Вообще говоря, экономическая наука изначально не отделяла экономику от политики. Адам Смит или Дэвид Рикардо никогда не использовали термин «экономика» в качестве названия своего учения, а именовали его «политическая экономия». Для экономистов-классиков было невозможно рассматривать политику в отрыве от экономики, а экономику – от политики. Адам Смит, в частности, считал, что хотя эффективный рынок возникает как результат индивидуального выбора миллионов потребителей, сам этот выбор задается политической системой, в которой потребители существуют. С другой стороны, политическая система формируется под воздействием экономических факторов. С точки зрения классических экономистов, политическая и экономическая системы тесно переплетены и взаимозависимы.
По понятным причинам, на заре XX века начали складываться экономические теории, «отделяющие» экономику от политики. Уже к концу 1930-х гг. термин «макроэкономика» в экономической мысли Запада почти полностью вытеснил «политическую экономию». Нынешний кризис, однако, напомнил о забытой взаимосвязи между двумя упомянутыми сферами.

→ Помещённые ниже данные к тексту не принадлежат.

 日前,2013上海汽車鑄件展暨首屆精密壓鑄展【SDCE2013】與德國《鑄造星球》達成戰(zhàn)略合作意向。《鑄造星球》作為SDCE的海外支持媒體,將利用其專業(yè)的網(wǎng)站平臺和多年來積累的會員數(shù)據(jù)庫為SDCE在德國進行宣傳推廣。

Поначалу потрясения на рынке субстандартной ипотеки в США, распространившиеся впоследствии на финансовые сектора целого ряда стран и охватившие постепенно весь мир, воспринимались как еще один разрыв спекулятивного «пузыря», неизбежный в условиях цикличности экономики. Однако результатом «ипотечного коллапса» стало не просто обесценение некоторых классов финансовых активов, а полное отсутствие возможности дать им более-менее адекватную оценку. По сути, целый сегмент современной финансовой системы дал серьезный сбой. Причем этот сбой стал прямым следствием неверных решений, принятых финансовой элитой. Иначе говоря, впервые за последние десятилетия, у финансового кризиса появились вполне конкретные «отцы». Общее мнение было таково, что в основе нынешних потрясений лежали не действия слепых рыночных сил, а просчеты отдельных представителей истеблишмента. Просчеты, за которые кто-то должен ответить. Так «финансовый» кризис обрел политическую составляющую.
Одной из ошибок Б.Обамы, в ходе «праймериз» громившего республиканскую верхушку за произвол и некомпетентность, стал чисто финансовый подход к преодолению кризиса. Проштрафившимся банкирам дали бюджетных денег на латание дыр, и никто из «жирных котов» не пострадал. В отличие от сотен тысяч рядовых американцев. Общественное мнение ожидало от демократов большей решительности в возложении ответственности на виновников кризиса. В результате Б.Обама утратил политический мандат, выданный ему в 2008 г. избирателями. Но и оппоненты не приобрели кредита доверия у населения. В его глазах республиканцы и демократы одинаково плохи и одинаково утратили моральное право руководить нацией. Доверия нет ни к тем, ни к другим. По сути, произошла делегитимизация политических элит, точно так же как некоторое время назад были скомпрометированы и делегитимизированы элиты финансовые. Недавний клинч между республиканцами и демократами по поводу госдолга США, парализовавший политическую систему именно в тот момент, когда скорость принятия решений была критически важна, наглядно показывает, сколь далеко зашел этот процесс.
Итак, финансовый кризис породил экономический спад, тот в свою очередь спровоцировал коллапс политической системы, и уже политический кризис в Вашингтоне оказывает разрушительное воздействие на экономику. Возник порочный круг, мало понятный макроэкономистам, но хорошо видимый политэкономам.
Три года назад Б.Обаму называли «новым Рузвельтом». Сейчас об этом стыдятся вспоминать даже самые ярые его приверженцы. Да и вера в то, что нынешняя политическая элита США способна выдвинуть достойного общенационального лидера, способного найти адекватный ответ на вызовы времени, у избирателя мало-помалу сходит на нет. И если уж проводить исторические параллели, то Америку ждет появление либо «нового Ленина», либо «нового Гитлера». Сценарии и того, и другого развития событий кажутся вполне очевидными.